Pelindo Regional 3 meliputi: Pelabuhan Tanjung Intan-Cilacap, Pelabuhan Tegal, Pelabuhan Tanjung Emas, Pelabuhan Gresik, Pelabuhan Tanjung Perak, Pelabuhan Pasuruan, Pelabuhan Tanjung Tembaga, Pelabuhan Panarukan-Situbondo, Pelabuhan Kalianget, Pelabuhan Tanjung Wangi, Pelabuhan Celukan Bawang, Pelabuhan Benoa, Pelabuhan Lembar, Pelabuhan Gilimas, Pelabuhan Badas, Pelabuhan Bima, Pelabuhan Waingapu, Pelabuhan Ende, Pelabuhan Ippi, Pelabuhan Maumere, Pelabuhan Kupang, Pelabuhan Kalabahi, Pelabuhan Gunung Batu Besar, Pelabuhan Kotabaru, Pelabuhan Stagen, Pelabuhan Batulicin, Pelabuhan Pagatan, Pelabuhan Satui, Pelabuhan Mekar Putih, Pelabuhan Banjarmasin, Pelabuhan Basirih, Pelabuhan Kuala Kapuas, Pelabuhan Pulang Pisau, Pelabuhan Bahur, Pelabuhan Pagetan Mendawai, Pelabuhan Bagendang, Pelabuhan Sampit, Pelabuhan Samuda, Pelabuhan Kumai, Pelabuhan Bumi Harjo, Pelabuhan Pangkalan Bun, Pelabuhan Sukamara, dan Pelabuhan Kuala Pembuang.

Adapun Pelindo Regional 4, yakni; Pelabuhan Bitung, Pelabuhan Balikpapan, Pelabuhan Samarinda, Pelabuhan Bontang, Pelabuhan Sengata, Pelabuhan Tanjung Redeb, Pelabuhan Tarakan, Pelabuhan Nunukan, Makassar Container Terminal, Makassar New Port, Pelabuhan Pare-Pare, Pelabuhan Pantoloan, Pelabuhan Kendari New Port.

Selain memperbaiki infrastruktur, Indonesia sebagai Negara Kepulauan yang pada saat ini menuju Negara Maritim perlu menata kelola instansi dan lembaga pendukung penggerak sektor kemaritiman-nya yakni salah satunya Lembaga Otoritas Pelabuhan yang independen.

Hal ini menjadi krusial agar visi dan misi menjadikan RI sebagai poros maritim dunia bisa terealisasikan.

Tanggung Jawab

Sejak awal, IMLOW  mendorong agar Otoritas Pelabuhan (OP) di Indonesia diperkuat dan bertanggung jawab langsung kepada Presiden ataupun Menteri Perhuhungan.

Pasalnya, instansi OP mesti berdiri sebagai lembaga independen atau setingkat badan tersendiri yang bertanggung jawab langsung kepada Kementerian teknis terkait dalam hal ini Menteri perhubungan maupun kepada Presiden.

Jika OP sebagai regulator tertinggi di pelabuhan dan lebih independent diharapkan mampu berperan mengawal efisiensi biaya logistik di suatu pelabuhan guna meningkatkan daya saing nasional.

Apalagi saat ini Pemerintah sedang fokus merealisasikan national logistic ecosystem (NLE).

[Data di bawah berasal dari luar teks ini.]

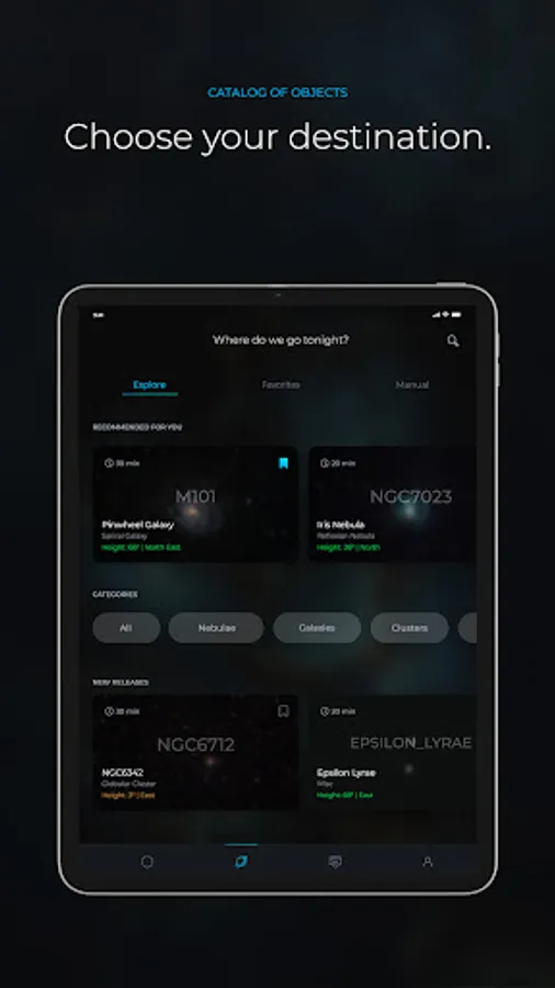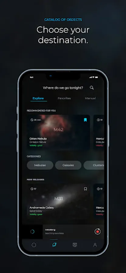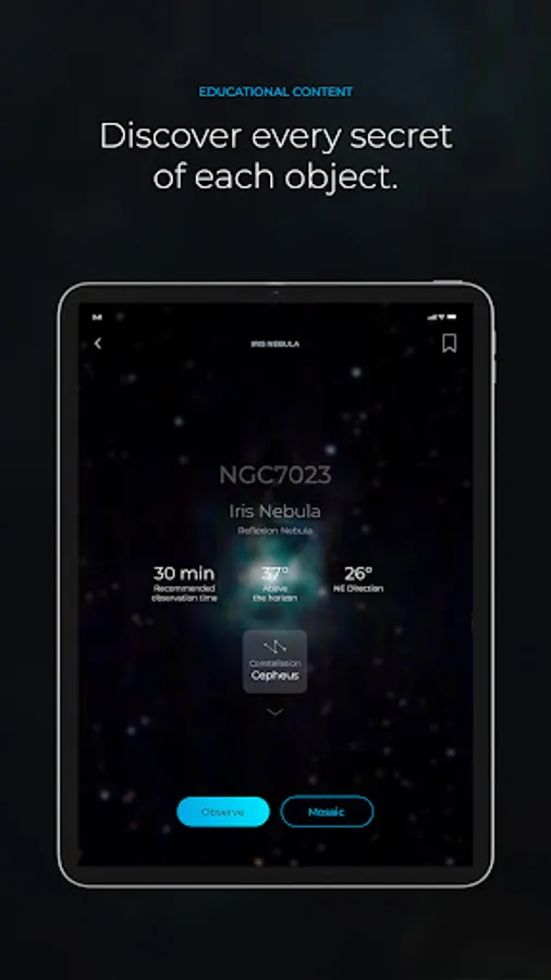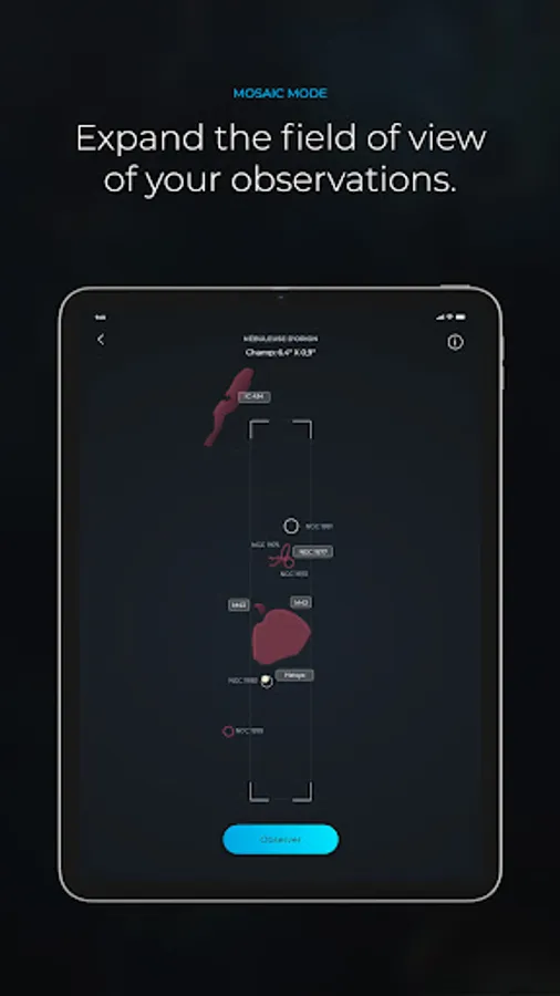This intuitive mobile application allows you to explore the Cosmos with ease. Receive personalized recommendations on which objects to observe according to your geolocation and the astronomical calendar. Learn more about the history of the Universe and immortalize your trip by photographing galaxies, nebulae and star clusters.
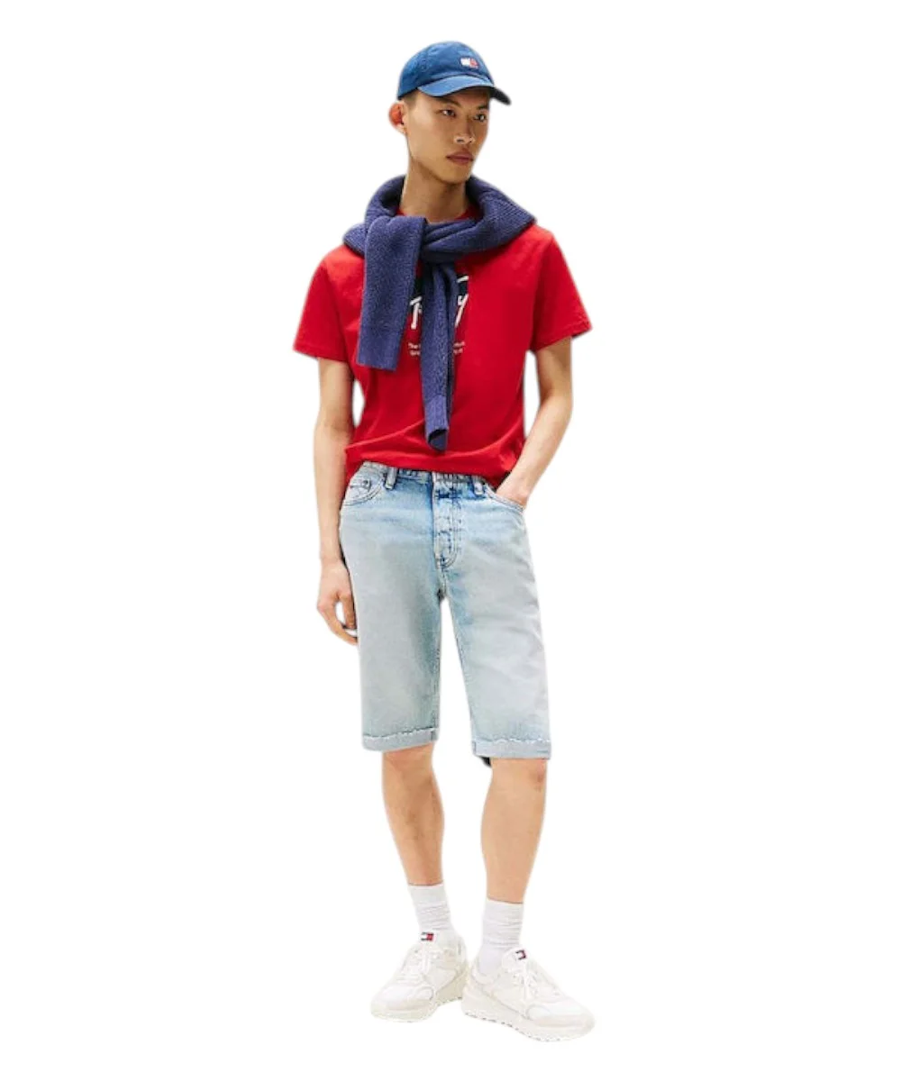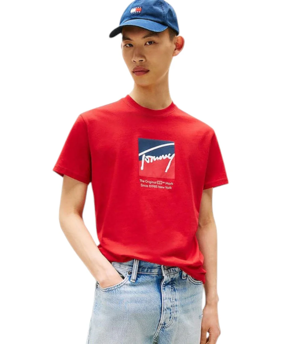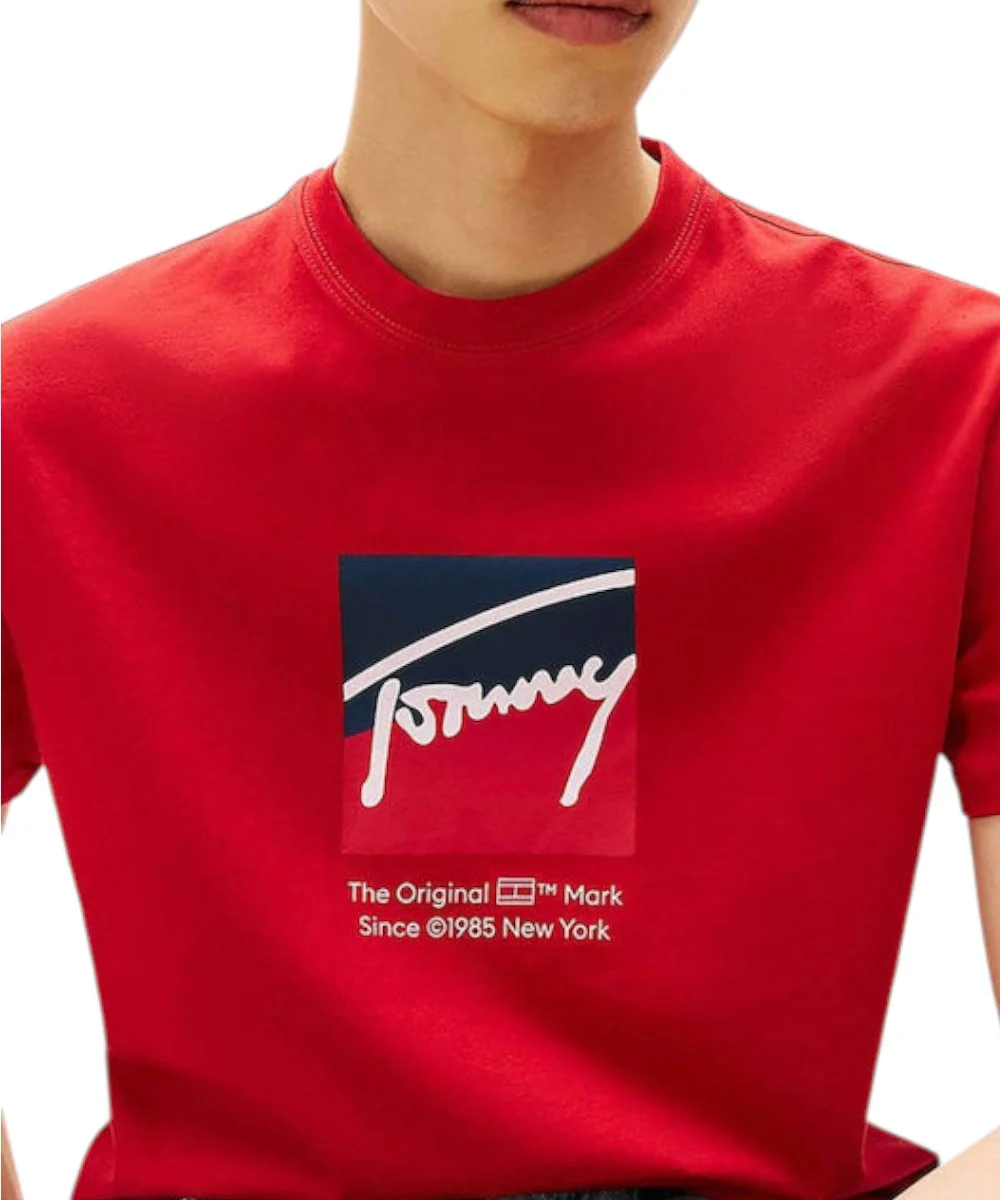 Ανδρικό T-shirt με κοντό μανίκι της εταιρίας Tommy Hilfiger σε κόκκινο χρώμα με στάμπα, για casual εμφανίσεις.

Harapannya, dengan peran OP yang lebih kuat maka bisa mengawal implementasi program NLE itu.

Disisi lain, bahwa istilah Otoritas Pelabuhan Utama, Syahbandar Utama, dan KSOP yang ada saat ini perlu ditinjau ulang dan diganti dengan nama lembaga Syahbandar maupun Otoritas Pelabuhan (OP) saja sesuai dengan amanat UU No: 17/2008 tentang Pelayaran.

Sebab, posisi dan status OP memengaruhi banyak hal antara lain, kecepatan dalam menyikapi penanganan masalah di lapangan hingga yang berkaitan dengan optimalisasi fasilitas pelabuhan maupun investasi.

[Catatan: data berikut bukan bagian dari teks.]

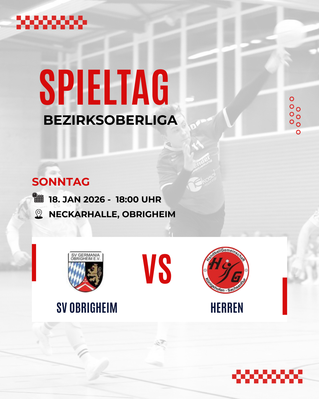 Zum Rückrundenauftakt der Bezirksoberliga Gruppe 2 trifft die HG Königshofen/Sachsenflur am Sonntag, den 18. Januar, auf keinen Geringeren als den aktuellen Tabellenführer SV Germania Obrigheim. Anwurf in der Neckarhalle ist um 18:00 Uhr. Beide Teams kennen sich aus der Hinrunde bestens – damals gelang den Taubertälern ein beeindruckender 32:24-Heimsieg, der im weiteren Saisonverlauf jedoch nicht wie erhofft beflügelte. Nach einem schwierigen Herbst und dem Rücktritt von Trainer David Fischer stabilisierten sich die Taubertäler zum Jahresende etwas. Die jüngste Partie gegen die SG Heuchelberg zeigte sowohl Licht als auch Schatten: Einer sehr starken ersten Halbzeit folgte eine schwierige Phase, an deren Ende ein hart erkämpftes 20:20-Unentschieden stand. Obrigheim hingegen geht als souveräner Tabellenführer in die Rückrunde (14:4 Punkte) und will sich für die Hinspielniederlage revanchieren. Für die HG (Platz 9 mit 5:13 Punkten) ist das Duell eine echte Standortbestimmung. Trainer Heiko Maag hofft, dass die angeschlagenen Spieler wieder einsatzbereit sind und sieht seine Mannschaft gut vorbereitet: „Wir wollen genau da weitermachen, wo wir vor der Pause aufgehört haben – mit einer stabilen Abwehr, einfachen Lösungen im Angriff und mehr Tempo im Spiel.“ Personelle Veränderungen zur Rückrunde gibt es bei den Taubertälern nicht. Entscheidend wird sein, ob die Mannschaft ihre gute Defensivarbeit aus dem Heuchelberg-Spiel erneut abrufen kann – und ob es gelingt, das Tempospiel über die volle Distanz aufrechtzuerhalten. Ein mutiger Auftritt beim Tabellenführer könnte ein wichtiges Signal für den Start in die Rückrunde setzen.
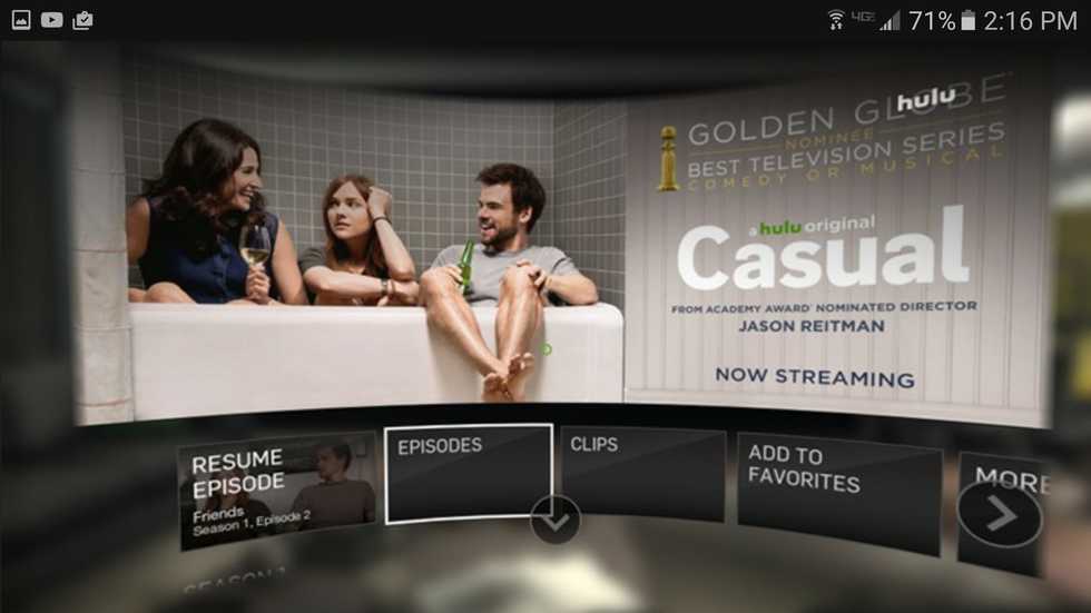 Once logged in, I saw the familiar Hulu interface. My movies and television shows were all visible and navigation, using the Gear VR's trackpad and back button, was very easy.
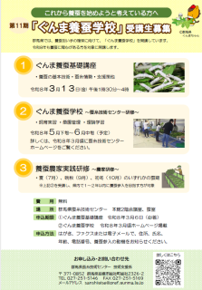 JA赤城たちばなは新規就農者、定年退職者や帰農者など、就農希望者の皆さんの農業を応援するとともに、組合員の農業知識や経営の向上を目的に就農支援講座を開講します。
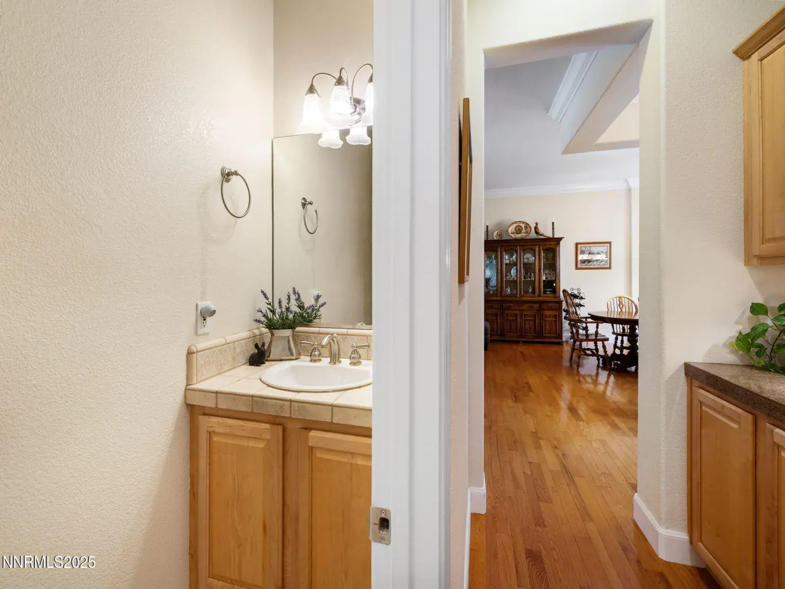 From the moment you walk in you can feel the pride of ownership. Located behind the gates of Mountainshyre in the sought-after neighborhood of Caughlin Ranch, this beautiful single-story home offers an ideal layout with the primary suite thoughtfully separated from the remaining bedrooms. Featuring 4 bedrooms plus an office, 2.5 baths, and 3 car garage the home is designed for both comfort and functionality. The kitchen is a chef’s dream with double ovens, multiple sinks, a butler’s pantry, ample prep space, breakfast nook, and breakfast bar. The laundry room doubles as a mudroom and includes its own sink for added convenience. Additional features include wood floors, crown molding throughout, central vacuum, a new hot water heater, and a spacious primary suite with a huge walk-in closet. Step outside to discover a private garden oasis – immaculately maintained with lush landscaping, a large patio, and grass. The backyard is fully fenced, stubbed for a gas BBQ, and perfect for peaceful relaxation or entertaining. Enjoy scenic walking trails right in the neighborhood, and take advantage of the home’s central location, just minutes from the Reno-Tahoe Airport, shopping, dining, and more.

Apalagi, peran dan fungsi kewenangan regulator tertinggi di pelabuhan sangat berhubungan erat dengan tingkat efektivitas dan efisiensi layanan kepelabuhanan, termasuk mengkonsolidasikan seluruh stakeholders terkait untuk mengeksekusi kebijakan pemerintah secara langsung.

Oleh sebab itu, dengan adanya formulasi 4 regional pelabuhan oleh BUP Pelindo itu perlu dipertimbangkan oleh Pemerintah untuk memperkuat otoritas pelabuhan di keempat wilayah/regional itu dengan menghadirkan BOP yang independent demi kecepatan dalam menyikapi penanganan masalah di lapangan hingga yang berkaitan dengan optimalisasi fasilitas maupun investasi di pelabuhan, Indonesia.**

*Penulis: Achmad Ridwan Tentowi, Sekjen Indonesian Maritime Logistic and Transportation Watch (IMLOW) yang juga Pengurus Perkumpulan Ahli Keselamatan dan Keamanan Maritim Indonesia/AKKMI.